Constraint Satisfaction Problems
Author :
Publisher : John Wiley & Sons
Total Pages : 245
Release :
ISBN-10 : 9781118575017
ISBN-13 : 1118575016
Rating : 4/5 (17 Downloads)

Synopsis Constraint Satisfaction Problems by : Khaled Ghedira

A Constraint Satisfaction Problem (CSP) consists of a set of variables, a domain of values for each variable and a set of constraints. The objective is to assign a value for each variable such that all constraints are satisfied. CSPs continue to receive increased attention because of both their high complexity and their omnipresence in academic, industrial and even real-life problems. This is why they are the subject of intense research in both artificial intelligence and operations research. This book introduces the classic CSP and details several extensions/improvements of both formalisms and techniques in order to tackle a large variety of problems. Consistency, flexible, dynamic, distributed and learning aspects are discussed and illustrated using simple examples such as the n-queen problem. Contents 1. Foundations of CSP. 2. Consistency Reinforcement Techniques. 3. CSP Solving Algorithms. 4. Search Heuristics. 5. Learning Techniques. 6. Maximal Constraint Satisfaction Problems. 7. Constraint Satisfaction and Optimization Problems. 8. Distibuted Constraint Satisfaction Problems. About the Authors Khaled Ghedira is the general managing director of the Tunis Science City in Tunisia, Professor at the University of Tunis, as well as the founding president of the Tunisian Association of Artificial Intelligence and the founding director of the SOIE research laboratory. His research areas include MAS, CSP, transport and production logistics, metaheuristics and security in M/E-government. He has led several national and international research projects, supervised 30 PhD theses and more than 50 Master’s theses, co-authored about 300 journal, conference and book research papers, written two text books on metaheuristics and production logistics and co-authored three others.

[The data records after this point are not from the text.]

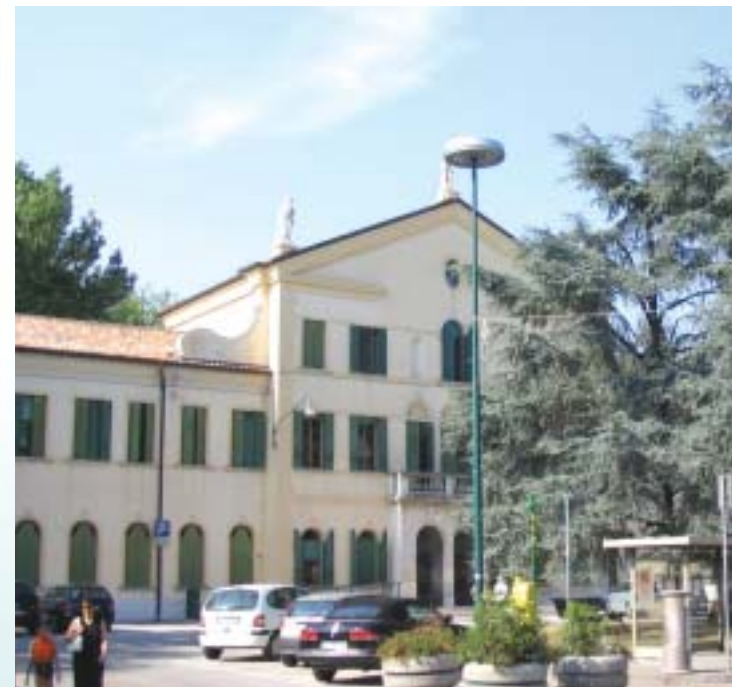
Piazza Pastrello e il palazzo Municipale
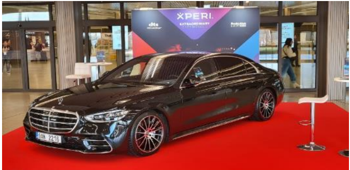
Die Millionen Dollar Frage: Where did the Radio Button go? (An XPERI ist kein Vorbeikommen ?) Mehr dazu hier .
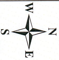
Схема расположения элемента планировочной структуры для строительства объекта АО "РИТЭК": «Обустройство скважины № 110 Комаринского месторождения» в границах сельского поселения Большая Глушица муниципального района Большеглушицкий Самарской области
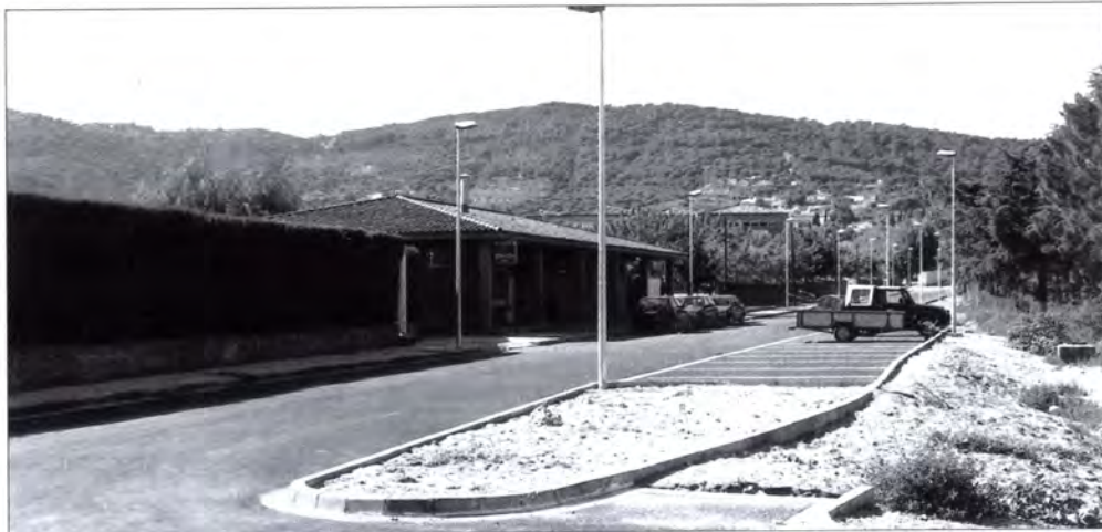
La piscina, lloc on dinen la majoria dels alumnes, era l'equipament que quedava més a prop de l'Institut.

L'aliment, el material i els monitors que vigilen el menja-
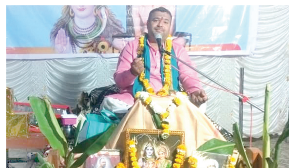
१४८ व्या प्रगत दिनानिमित्त इंद्रप्रस्थ नगरातील योगिराज श्री
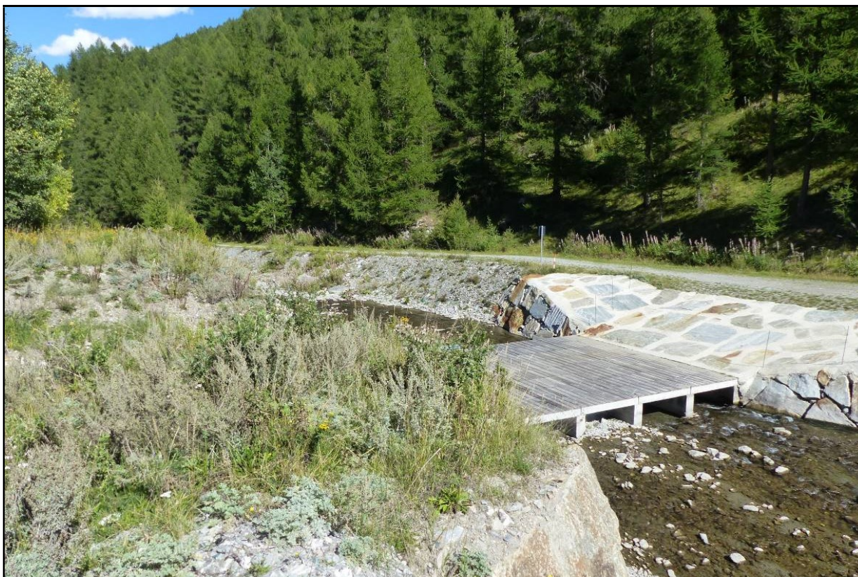
Postazione 4 presso guado esistente
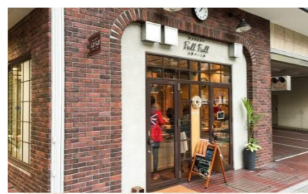
売場面積3坪のシティ型ベーカリー 『フルフル天神店』
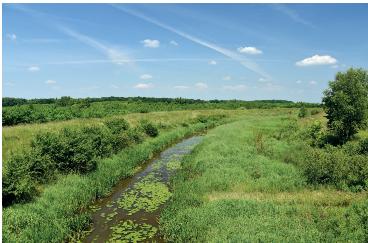
Ryc. 25. Przykład krajobrazu przyrodniczego mającego potencjał do objęcia go ochroną
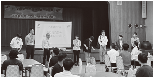
参加いただいた鯖江市職員の皆さま

青年部では、6月19日(月)鯖江商工会議所にて、青年部政策提言委員会による6月例会が開催されました。

Constraint and Integer Programming

Constraint and Integer Programming
Author :
Publisher : Springer Science & Business Media
Total Pages : 406
Release :
ISBN-10 : 1402075839
ISBN-13 : 9781402075834
Rating : 4/5 (39 Downloads)

Synopsis Constraint and Integer Programming by : Michela Milano

Constraint and Integer Programming presents some of the basic ideas of constraint programming and mathematical programming, explores approaches to integration, brings us up to date on heuristic methods, and attempts to discern future directions in this fast-moving field.